LOS ANGELES (CNS) — Parole was recommended Tuesday for former Charles Manson follower Leslie Van Houten, who is serving a life prison sentence for taking part in the killings of Leno and Rosemary LaBianca in their Los Feliz home more than 50 years ago.

This is the fifth time the Board of Parole Hearings has recommended parole for Van Houten, now 72.


What You Need To Know

  • Parole was recommended Tuesday for former Charles Manson follower Leslie Van Houten

  • Houten is serving a life prison sentence for taking part in the killings of Leno and Rosemary LaBianca in their Los Feliz home more than 50 years ago

  • This is the fifth time the Board of Parole Hearings has recommended parole for Van Houten, now 72

  • The parole recommendation will undergo a 150-day review process, and Van Houten's fate will once again rest with California Gov. Gavin Newsom

Four earlier parole recommendations for Van Houten were rejected by governors, most recently last year by Gov. Gavin Newsom.

The parole recommendation will undergo a 150-day review process and Van Houten's fate will once again rest with Newsom.

Van Houten was convicted of murder and conspiracy for participating with fellow Manson family members Charles "Tex" Watson and Patricia Krenwinkel in the August 1969 killings of grocer Leno La Bianca, 44, and his 38-year-old wife, Rosemary, who were each stabbed multiple times in their Los Feliz home.

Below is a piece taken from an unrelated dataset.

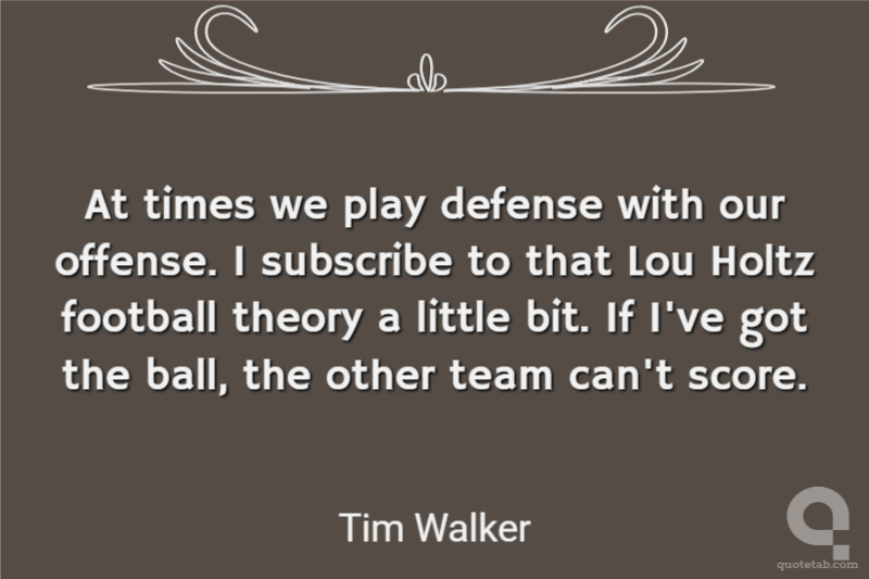 At times we play defense with our offense. I subscribe to that Lou Holtz football theory a little bit. If I've got the ball, the other team can't score.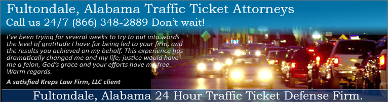 Have you been charged with speeding, reckless driving, running a red light or stop sign, or speeding 25 over in Fultondale, Alabama? You need the attorneys at Kreps Law Firm, LLC to fight your traffic charge. We will inform you of the options for fighting your traffic charge and answer your questions. Call Kreps (866) 348-2889 or CLICK HERE and let our experienced and knowledgeable attorneys fight your Fultondale, Alabama traffic charge.

The former Monrovia High School cheerleader — who was 19 at the time — did not participate in the Manson family's killings of pregnant actress Sharon Tate and four others in a Benedict Canyon mansion the night before.

A request in May 2020 to release Van Houten, who was then 70, on bail or her own recognizance due to her high risk of contracting COVID-19 was denied.

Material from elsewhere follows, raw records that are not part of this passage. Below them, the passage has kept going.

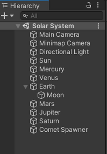 It also has the original comet spawners and the two cameras (one for the minimap and one for the perspective camera)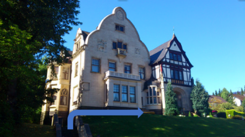 Treppe, die links vom Haus ist; am Ende der Treppe rechts.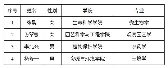 根据山东农业大学《关于开展2017年先大奖学金、 先正达奖学金评选工作的通知》(山农大学通字〔2017〕58号)的精神和要求,经过个人申请、各学院初评、学校统一投票评选,共评选出获得先正达奖学金的4名博士研究生,现将评选结果进行公示。

In 2019, a state appellate court panel declined to reverse Gov. Jerry Brown's 2017 rejection of her release.

In that ruling in which Associate Justice Victoria Gerrard Chaney dissented, the panel from California's 2nd District Court of Appeal found that Brown's "conclusion that Van Houten lacks insight into her commitment offenses, and thus remains a threat to public safety, is supported by some evidence in the record. As the governor noted in his reversal, the record has several instances in which Van Houten appears to qualify the responsibility she feels for the crimes by emphasizing Manson's role."